Commander Scott Altman, a veteran of three previous spaceflights, was first aboard.
He was followed by rookie astronaut Andrew Feustel, 43, and the rest of the crew: pilot Greg Johnson, 54, flight engineer Megan McArthur, 37, lead spacewalker John Grunsfeld, 50, and astronauts Michael Massimino and Michael Good, both 46.
Meteorologists predicted a 90 percent chance the weather would be suitable for liftoff, although there was a slight concern about low clouds at the shuttle's emergency landing site in Spain.
The astronauts plan to spend 11 days in orbit on a final mission to service the Hubble telescope.
NASA has dispatched space shuttle crews to repair and upgrade Hubble four times since it was put into orbit in 1990.

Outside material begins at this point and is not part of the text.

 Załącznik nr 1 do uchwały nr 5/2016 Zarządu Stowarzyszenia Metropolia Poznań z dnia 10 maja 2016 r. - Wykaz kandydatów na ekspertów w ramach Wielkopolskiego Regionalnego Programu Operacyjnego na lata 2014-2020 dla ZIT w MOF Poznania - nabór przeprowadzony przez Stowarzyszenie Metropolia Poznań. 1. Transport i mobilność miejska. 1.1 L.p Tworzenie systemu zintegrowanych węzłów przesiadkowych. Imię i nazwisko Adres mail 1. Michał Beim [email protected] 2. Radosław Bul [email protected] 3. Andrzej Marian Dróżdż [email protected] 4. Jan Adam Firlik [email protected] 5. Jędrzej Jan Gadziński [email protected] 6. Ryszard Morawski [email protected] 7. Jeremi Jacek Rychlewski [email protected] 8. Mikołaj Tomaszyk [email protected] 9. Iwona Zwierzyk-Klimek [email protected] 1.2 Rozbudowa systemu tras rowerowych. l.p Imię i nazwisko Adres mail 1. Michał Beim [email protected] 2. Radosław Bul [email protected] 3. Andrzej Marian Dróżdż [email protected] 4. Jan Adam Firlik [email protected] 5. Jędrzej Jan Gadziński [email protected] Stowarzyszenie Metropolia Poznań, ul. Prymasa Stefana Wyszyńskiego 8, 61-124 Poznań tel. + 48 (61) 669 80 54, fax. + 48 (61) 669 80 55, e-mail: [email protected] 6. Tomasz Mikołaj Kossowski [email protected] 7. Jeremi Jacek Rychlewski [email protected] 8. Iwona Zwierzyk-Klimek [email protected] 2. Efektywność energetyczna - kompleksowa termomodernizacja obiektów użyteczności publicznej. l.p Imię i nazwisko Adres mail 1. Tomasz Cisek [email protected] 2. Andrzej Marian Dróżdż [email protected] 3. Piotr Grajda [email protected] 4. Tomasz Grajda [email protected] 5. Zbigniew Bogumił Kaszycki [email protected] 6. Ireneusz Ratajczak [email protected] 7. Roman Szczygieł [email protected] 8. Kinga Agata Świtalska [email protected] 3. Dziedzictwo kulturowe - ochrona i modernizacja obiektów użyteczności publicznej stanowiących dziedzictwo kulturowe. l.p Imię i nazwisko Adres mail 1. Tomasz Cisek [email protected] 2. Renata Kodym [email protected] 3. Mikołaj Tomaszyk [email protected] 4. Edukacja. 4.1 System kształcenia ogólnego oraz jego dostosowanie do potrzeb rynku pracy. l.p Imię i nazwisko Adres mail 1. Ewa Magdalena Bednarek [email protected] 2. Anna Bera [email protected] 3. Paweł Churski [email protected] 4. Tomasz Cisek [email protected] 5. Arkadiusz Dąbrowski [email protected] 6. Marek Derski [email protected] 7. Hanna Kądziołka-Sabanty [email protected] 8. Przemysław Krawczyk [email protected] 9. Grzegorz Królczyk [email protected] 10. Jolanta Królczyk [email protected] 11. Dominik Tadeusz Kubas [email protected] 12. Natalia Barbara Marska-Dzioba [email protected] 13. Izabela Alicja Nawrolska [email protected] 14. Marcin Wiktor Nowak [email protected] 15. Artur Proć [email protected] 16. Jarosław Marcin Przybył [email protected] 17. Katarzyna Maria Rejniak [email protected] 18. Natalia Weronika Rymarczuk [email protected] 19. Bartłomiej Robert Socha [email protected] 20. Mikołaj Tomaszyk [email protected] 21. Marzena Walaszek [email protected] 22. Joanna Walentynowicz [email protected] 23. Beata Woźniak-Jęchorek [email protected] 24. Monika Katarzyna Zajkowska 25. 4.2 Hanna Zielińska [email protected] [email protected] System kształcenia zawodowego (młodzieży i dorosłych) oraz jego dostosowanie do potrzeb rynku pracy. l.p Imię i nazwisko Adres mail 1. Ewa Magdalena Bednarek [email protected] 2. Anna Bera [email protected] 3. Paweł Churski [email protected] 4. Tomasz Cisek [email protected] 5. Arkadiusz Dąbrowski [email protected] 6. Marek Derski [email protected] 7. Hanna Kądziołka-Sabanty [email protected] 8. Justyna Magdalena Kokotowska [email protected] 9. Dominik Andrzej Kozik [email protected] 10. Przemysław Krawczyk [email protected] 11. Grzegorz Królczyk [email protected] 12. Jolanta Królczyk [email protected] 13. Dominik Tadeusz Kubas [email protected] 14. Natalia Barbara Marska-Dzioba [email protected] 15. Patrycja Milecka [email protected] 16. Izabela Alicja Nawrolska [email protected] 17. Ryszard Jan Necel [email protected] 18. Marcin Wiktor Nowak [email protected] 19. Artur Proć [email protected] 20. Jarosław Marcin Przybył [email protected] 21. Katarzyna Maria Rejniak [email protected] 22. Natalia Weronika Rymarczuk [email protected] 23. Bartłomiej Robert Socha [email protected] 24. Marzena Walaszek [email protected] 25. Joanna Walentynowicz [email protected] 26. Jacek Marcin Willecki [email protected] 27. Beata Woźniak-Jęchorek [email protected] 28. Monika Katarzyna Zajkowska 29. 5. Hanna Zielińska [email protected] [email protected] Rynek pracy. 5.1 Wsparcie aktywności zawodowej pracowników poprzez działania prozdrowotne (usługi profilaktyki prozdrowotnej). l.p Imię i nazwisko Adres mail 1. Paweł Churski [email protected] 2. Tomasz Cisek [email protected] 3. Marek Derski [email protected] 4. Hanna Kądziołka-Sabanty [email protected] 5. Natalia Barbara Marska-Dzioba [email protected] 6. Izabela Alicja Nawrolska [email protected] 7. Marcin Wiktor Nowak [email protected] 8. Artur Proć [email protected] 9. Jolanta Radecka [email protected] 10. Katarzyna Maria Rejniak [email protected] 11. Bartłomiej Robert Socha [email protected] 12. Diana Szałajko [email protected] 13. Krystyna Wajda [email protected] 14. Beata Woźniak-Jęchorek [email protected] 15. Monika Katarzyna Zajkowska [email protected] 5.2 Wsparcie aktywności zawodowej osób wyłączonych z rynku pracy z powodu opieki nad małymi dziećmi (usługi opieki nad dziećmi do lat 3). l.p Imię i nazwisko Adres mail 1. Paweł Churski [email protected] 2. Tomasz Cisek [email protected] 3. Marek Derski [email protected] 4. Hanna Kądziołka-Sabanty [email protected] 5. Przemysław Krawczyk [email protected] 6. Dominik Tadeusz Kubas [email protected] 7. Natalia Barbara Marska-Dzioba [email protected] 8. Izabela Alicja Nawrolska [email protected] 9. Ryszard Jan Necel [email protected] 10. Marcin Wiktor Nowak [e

But Atlantis' mission is the first since the 2003 Columbia accident, which changed the way NASA did business.
Among its post-Columbia safety improvements, NASA set up the International Space Station as an emergency shelter for shuttle astronauts whose spaceship may be too damaged to attempt the return flight through Earth's atmosphere.
But Atlantis is heading toward an orbit too far to reach the outpost, so NASA has a second shuttle poised at the launch site ready to mount an emergency rescue mission if needed.

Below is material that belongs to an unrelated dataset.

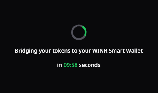 The transfer should take approximately 10 minutes, but it may take longer during periods of high traffic. Withdrawals to WINR chain should take no more than 1 minute

The 2003 accident also delayed the fifth house call to Hubble, leaving the observatory with its main camera sidelined by an electronics problem, two other instruments shut down, no backups for a key computer or the positioning system, and 20-year-old batteries that can only be half charged.
"On this mission, we're going for broke," said Hubble project scientist David Leckrone. "We set the bar extraordinarily high for ourselves."
During five spacewalks, astronauts plan to install two new cameras, repair two of the broken instruments, replace all six positioning gyroscopes and batteries, shore up the telescope's thermal insulation and attach a docking ring so that Hubble can be removed from orbit upon completion of its mission.
NASA hopes that with the upgrades Hubble, which has cost about $10 billion so far, will last until at least 2014, at which time its replacement should be in orbit and operational.
Hubble's observations have been important in all areas of astronomical research, including the still-unexplained discovery that the universe is expanding at an increasingly faster rate and that galaxies formed quite early after the Big Bang explosion that created the universe 13.7 billion years ago.
Hubble made the first measurements of gases in the atmosphere of a planet in another solar system and found evidence that raw materials for planet formation are very common.